Well Choughed

February 25, 2013 at 6:17 pm

A week on Islay with two superb Winter days and the rest dry with a cold South East wind. I came to concentrate on flight shots of `Chough and I have had two great days with shots like the one featured on my blog.

During the week we have seen two Otters and both eluded the camera. HenHarriers have appeared daily with Merlin, Sparrowhawk and Kestrel observed on some days. Three pair of Ravens have been building their nests on cliffs so the breeding season is now under way.

Amongst a flock of two hundred finches in a stubble field there was one male Brambling present.

Solway Farewell

February 16, 2013 at 8:04 pm

This week I have made my final journey to Stranraer, Dumfries,New Galloway and Moffat to show my films. On the drive to Stranraer I saw nine Buzzards, four Kestrels, one Kite and a Barn Owl still hunting after 9am. By the roadside near Newton Stewart there was a flock of thirty Whooper Swans and at high tide a Little Egret was feeding in a flooded river channel. In the sea off Stranraer there were good numbers of Scaup plus a Slavonian Grebe.

On Wednesday I made a precarious journey to Dumfries with four inches of snow covering the roads. I sat in my car in Gatehouse of Fleet for an hour overlooking a garden full of feeding Chaffinches. There were at least eighty present plus a Yellowhammer. Ten years ago this same garden had more than ten Yellowhammers present each day indicating the present plight of this stunning bird. On another day I spent some time under my camouflage cloth filming Siskins. As this garden was surrounded by pine trees it was perfect for them and more than seventy individual Siskins were feeding.

On Thursday I spent time in a third garden filming Red Squirrels in the snow. At least six different squirrels were feeding on hazelnuts. Some of these squirrels had more of a grey coat and it was a matter of waiting for the more colourful ones to come in camera view. With more than seventy Kites at the feeding station there is no doubt I am going to miss my annual visits to South West Scotland with its wildlife.

Back home in the garden on the sixteenth, with a temperature of 10°C the male Blackcap was merrily singing away!.

Siberian Gem

February 9, 2013 at 9:29 pm

I finally took some decent photos of the Chiff-Chaffs along Wince Brook in Middleton this week with the Siberian race clearly much lighter and with a pronounced eye stripe. Both birds were photographed only five minutes apart and there are at least four normal Chiff-Chaffs present along this semi polluted brook. Everyone who sees them is amazed at their concentration to this one small area, the attraction being tiny flies still present in the mass of rotting vegetation overhanging the brook.

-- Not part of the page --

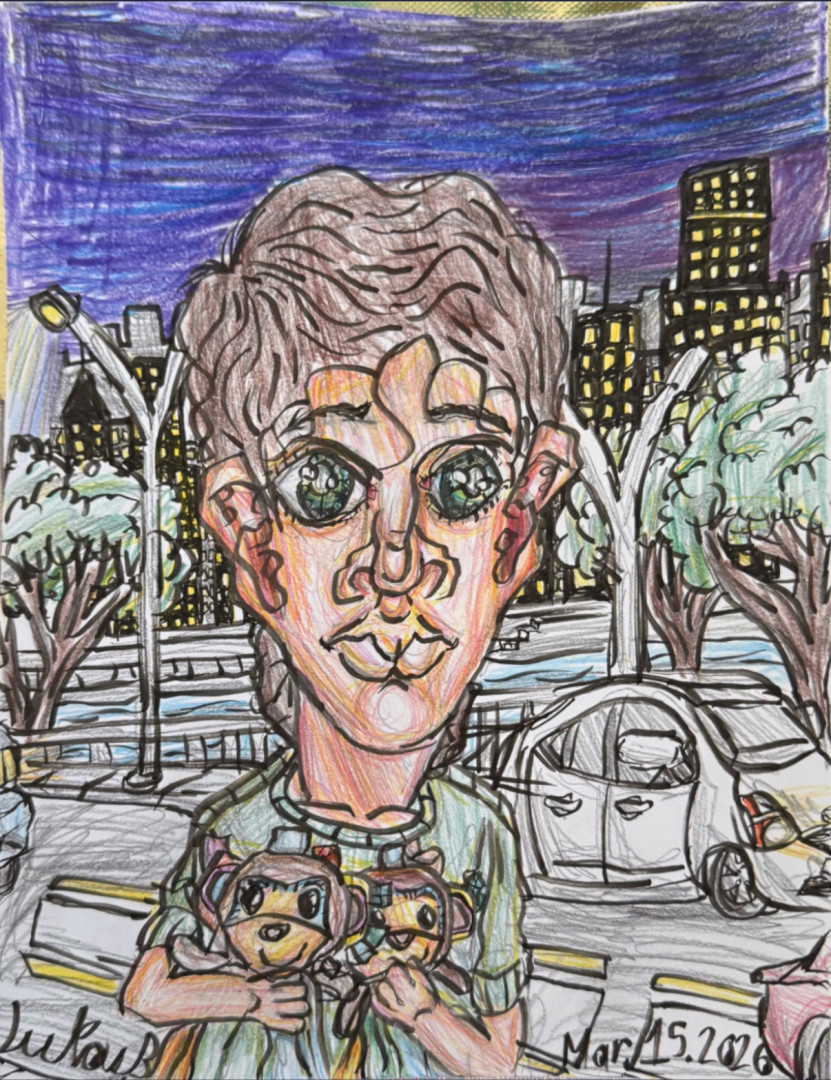 What is Lukas's favorite art form?Painting is number one. Colored pencils is a close second, he also really enjoys making art with alcohol markers, and watercolors.

During the week I filmed one hundred and twenty Waxwings in Stockport on the 6th and saw a flock of fifteen in Middleton on the 9th, ironically less than eight hundred meters from where the Chiff-Chaffs were feeding. If the Waxwings can find berries perhaps they will hang on locally until late March. On the canal on the fifth were six male and one female Goosanders, now able to feed following the melting of ice cover.

The male Sparrowhawk has caught twice in the garden this week. I rescued a Starling that he was trying to drown in a pool of water by the lawn and he came back three times trying to find it! The male Blackcap has now disappeared and may have been his other victim – let’s hope not.

Snowy Owls

February 3, 2013 at 11:49 am

It is always a special and rare moment to come across a roosting Long Eared Owl. To come across two is even more special and to find them after a heavy snow fall is almost unknown. I have never seen a photo of roosting Long Eared Owls in the snow so this week’s photo may be unique. In wildlife photography your results are directly proportionate to the time you put in the field. If you don’t go out searching you can’t expect to photograph Long Eared Owls in the snow.

With the return of the wet weather most of the action this week has been in our garden. On the 31st two Siskins fed for the first time this Winter making them the thirty first species to feed in the garden this month. Three Robins were present one day with the male Blackcap chasing another male Blackcap on another day. The Goldfinches peaked at fifteen but one was unfortunately captured by one of our three male Sparrowhawks.

On the only good day of the week, 2nd February, I had a morning out on the Fylde. It was good to see plenty of Tree Sparrows and Pink Footed Geese but better still was a Short Eared Owl and eight Barn Owls. A good reason to return!